Questionado se, mesmo sem a previsão exata, não seria o caso de garantir a proteção em zonas sensíveis onde fosse possível instalar a contenção, como estuários e entradas de manguezais, Alves voltou a dizer que o mais eficiente tem sido as limpezas depois que o óleo toca a costa.

Em visita ao trabalho de limpeza na Pedra do Sal, o prefeito de Salvador, Antônio Carlos Magalhães Neto, afirmou que vai manter a mobilização da Limpurb pelo tempo que for necessário, “sem fazer contas”.

“Nossos homens só saem das praias quando estiver tudo 100% limpo. É claro que isso tem um ônus, causa um prejuízo ao erário, que deve ser cobrado do responsável pela causa primária desse vazamento, que ainda não foi descoberto”, afirmou Neto.

“Não vou polemizar sobre responsabilidades de governos, seja estadual ou federal. A nossa preocupação, nesse momento, é com a retirada desse óleo cru das praias e sua devida destinação”, completou.
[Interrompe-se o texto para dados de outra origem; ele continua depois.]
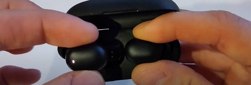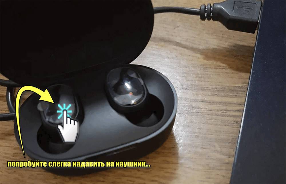 Решение: нажать на кнопку и одновременно с этим положить наушник в зарядной кейс. Просто зажимаем сенсорную кнопку и не отпуская ее кладем нерабочий наушник в зарядной кейс немного прижимая его.

Somente nesta sexta, quase 11 toneladas de óleo foram retiradas de seis praias de Salvador. Desde o início da aparição das manchas na capital baiana, já foram aproximadamente 91 toneladas.

Voluntária pede licença do trabalho para participar de limpeza

Isabel Sant'Ana trabalha agachada em mangue
A fotógrafa Isabel Sant’Ana descreve cenário ‘assustador’ em manguezal

A fotógrafa Isabel Sant’Ana juntou-se aos Guardiões do Litoral logo no primeiro momento, após ver uma postagem do engenheiro Arthur Sehbe.
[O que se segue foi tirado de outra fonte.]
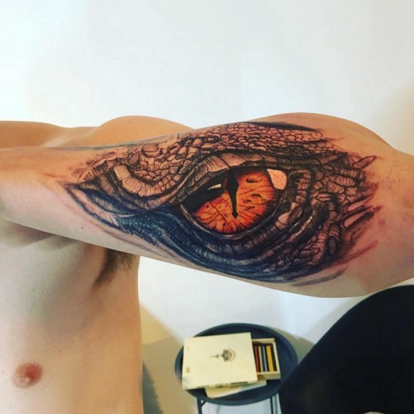 眼睛纹身 男生手臂上彩色的鳄鱼眼睛纹身图片

No sábado, dia 12, ela partiu para uma ação de limpeza na praia de Itacimirim, Litoral Norte da Bahia, a 75 quilômetros de Salvador. Lá, encontrou algumas pelotas na areia, mas ficou chocada mesmo ao chegar na barra do Rio Pojuca, onde há um extenso manguezal.

“Era assustador, eu comecei a chorar. Tinham manchas de óleo maiores que uma pessoa. A gente tirava os bolos de óleo dos buracos e quando metia a mão de novo, estavam lá os caranguejos mortos”, conta ela, que durante esta semana chegou a pedir licença do trabalho para participar de uma nova ação.

Na terça, entretanto, Isabel começou a sentir dores de cabeça, ficou com as vias aéreas sensíveis e sem apetite. Ela não tem dúvida: o mal estar foi motivado pelo óleo.

A médica clínica geral e homeopata Mônica Oliveira confirma que esses sintomas são comuns a quem fica muito tempo exposto ao derivado de petróleo, pois ali estão contidos altos níveis de substâncias neurotóxicas.

“É com isso que se produzem colas, removedores, resinas, só que em quantidades bem menores. Aquilo é óleo cru, é muito tóxico.”

A médica sugere que, dentro do que for possível, os voluntários criem uma escala de revezamento nas praias, evitando atuar em dias seguidos. Isto para dar tempo de o corpo liberar a toxicidade antes de receber uma nova carga.

Outra dica é evitar o uso de bebidas alcoólicas e cigarro.

“As drogas, mesmo as lícitas, sobrecarregam o corpo que, neste caso, já está intoxicado pelo óleo. Por isso é bom evitar beber ou fumar neste período, até para conseguir realizar este trabalho por mais tempo”, observa.

No perfil do Instagram, os Guardiões alertam sobre a importância de que os voluntários se protejam para participar da limpeza. É preciso usar luvas, botas de PVC, calças, camisas de manga comprida, pás, peneiras e máscara. Com um detalhe: como o contaminante libera vapores ao ser aquecido pelo sol, o ideal é uso de máscara para gás, ainda que a máscara para poeira já ajude.

Somente a máscara para gás custa, em média, R$ 260. Por isso, os voluntários pedem que empresas que tenham esses itens ou pessoas que possam comprá-los façam doações de equipamentos. Não são aceitas doações em dinheiro.

Em Salvador, os Guardiões garantem o plano de manter a mobilização até que as manchas de óleo parem de aparecer, ainda que este seja um horizonte incerto – já que ainda não se sabe a quantidade de óleo derramado no oceano, assim como a localização exata e a data do derramamento.

Mesmo diante do desastroso quadro, Mariana Thevenin tenta manter o otimismo: “Enquanto for preciso e possível, vamos seguir. Os oceanos e as praias são fundamentais pra gente, seja pela regulação térmica, seja pelo lazer ou pelos alimentos. Vamos continuar cobrando respostas dos governos, mas, enquanto isso, metemos mão. É nossa responsabilidade meter mão”.